Snakes and Bahiagrass...Oh yeah! - WECT TV6-WECT.com:News, weather & sports Wilmington, NC

Snakes and Bahiagrass...Oh yeah!

Dear DownEast Gardener;

Hi Bruce, I am a seasoned landscape contractor that is in a career change.  Do you have an herbicide regiment for Bahiagrass in my Emerald Zoysia? I also had a beautiful specimen Daphne odora suddenly die.  Was this a virus that could not be treated?  Thank You, Michael.

Answer:  Bahiagrass (Paspalum notatum) is a native South American perennial grass that has taken root in eastern North Carolina. On the plus side, bahiagrass can grow in acid, sandy dry soil and is resistant to most diseases and insect problems. It makes a great seed crop for quail, is fair forage for animals, and will hold together the soil where no other plant will grow (that is why it is used on NC Highways!). On the minus side, the seed get scattered everywhere and end up as a weed in our lawns, golf courses, and athletic fields. Traditional treatments of MSMA or DSMA will likely be the best solution for post emergence control of this grassy weed in zoysiagrass. You may also want to consider hand pulling for small infestations or spot treatment with Roundup or similar product. Other products are available but generally high cost or label use prevents application on home lawns. Read the NC Ag Chemical Manual for additional recommendations (http://ipm.ncsu.edu/agchem/8-13.pdf ).

            Daphne is susceptible to a wide spectrum of insect and disease problems. Standard treatment for virus problems in Daphne and other woody shrubs is dig and destroy. Curing virus problems in ornamental plants is a long and tedious process reserved for laboratory types and not gardeners.

Dear DownEast Gardener;

Both tomatoes and the portulaca I plant begin to die after about two and a half to three months.  Is this normal?  I have talked with others who seem to have better luck.  My other plants last much longer. Claire.

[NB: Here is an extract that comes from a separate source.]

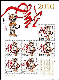 1月8日,在加拿大溫哥華,早在13年前就開始發行首套生肖郵票的加拿大郵務公司全面發行中國虎年郵票。1月14日上午,美國郵政總局在洛杉磯舉行了2010虎年生肖郵票首發式,這是美國發行的第二輪生肖郵票中的第三枚。美國是亞洲地區以外最早發行生肖郵票的國家。1993年中國農歷雞年,為紀念華人對美國社會的貢獻,美國郵政總局開始發行以中國生肖為主題的紀念郵票,到2004年猴年為止出齊一輪。此后,美國又于2005年和2006年發行了兩款設計相同、面值不同的十二生肖郵票雙面小全張。其在最后八元八角八分的總體價格安排上也頗費心思,諧音“發發發”的中國寓意甚是討巧。

Answer: This is not normal...and luck has very little to do with successful gardening. Tomato and Portulaca are not related plants. Tomatoes are having major problems this year with tomato spotted etch virus, bacterial wilt, and other systemic fungal pathogens. I have not heard any problems with Portulaca. Normally, portulaca is a great plant for hot dry areas in southeastern North Carolina. Here are some publications for you:

http://www.ces.ncsu.edu/depts/hort/hil/hil-8107.html

Dear DownEast Gardener;

When is the best time to cut back azaleas and other flowering bushes?  They have taken over the walkway and need cutting back but I don't want to kill them if it isn't the right time of year to do so. Bruna

Answer: It is best to cut back azaleas prior to July 1....but cutting back later in the year will not kill them...just cut off the bloom buds. Other flowering shrubs should be pruned based upon when and upon what "wood" they bloom. I can suggest some great horticulture classes for you to learn this information, but in the meantime read this publication: http://www.ces.ncsu.edu/depts/hort/consumer/factsheets/shrubs/text/pruning.html

Dear DownEast Gardener;

I am a constant fan of your show with Mr. Townsend and learn and enjoy much from you both.  I don't know anyone to ask this question of, but since I saw an ad for bird mailboxes on your last Saturday's program I thought I would pose this question to you for HELP.  My husband became an avid bird-watcher after he retired a couple of years ago.  As any good wife would I supported his hobby with books, pictures, birdhouses etc. Little did I know his beautiful hobby would bring me eyeball to eyeball with a deathly fear of mines: SNAKES.  Ever since my husband started attracting

birds to our backyard we have been bothered with snakes...all kinds.  I have stopped planting my summer flower garden and rows and rows of Sunflowers.  I have curtailed a lot of my other backyard activities too. Dr. Bruce, why is it I have never read or was ever told that I would be confronted by these most dangerous and unwanted visitors?   Please, please help me reclaim my backyard. Clean fingernails, FAZ.

Answer: Thanks for watching and reading. I hope I can change your mind about snakes. Most snakes in this area are not poisonous and are essential to the balance of nature by preying upon rodents, moles, voles, and other vermin. When bird food is improperly offered, seed can attract a wide spectrum of rodents in addition to the birds. Rodent populations attract snakes. Snakes will also prey on bird eggs or young if given a chance. A properly mown lawn, good mulch for weed control in the garden, and properly pruned shrubs will go a long way in discouraging snakes since this is not a preferred type of habitat for snakes. Keep to the cleared areas, yours eyes wide open and enjoy the beauty not the beast. It is all about seeing the glass half full!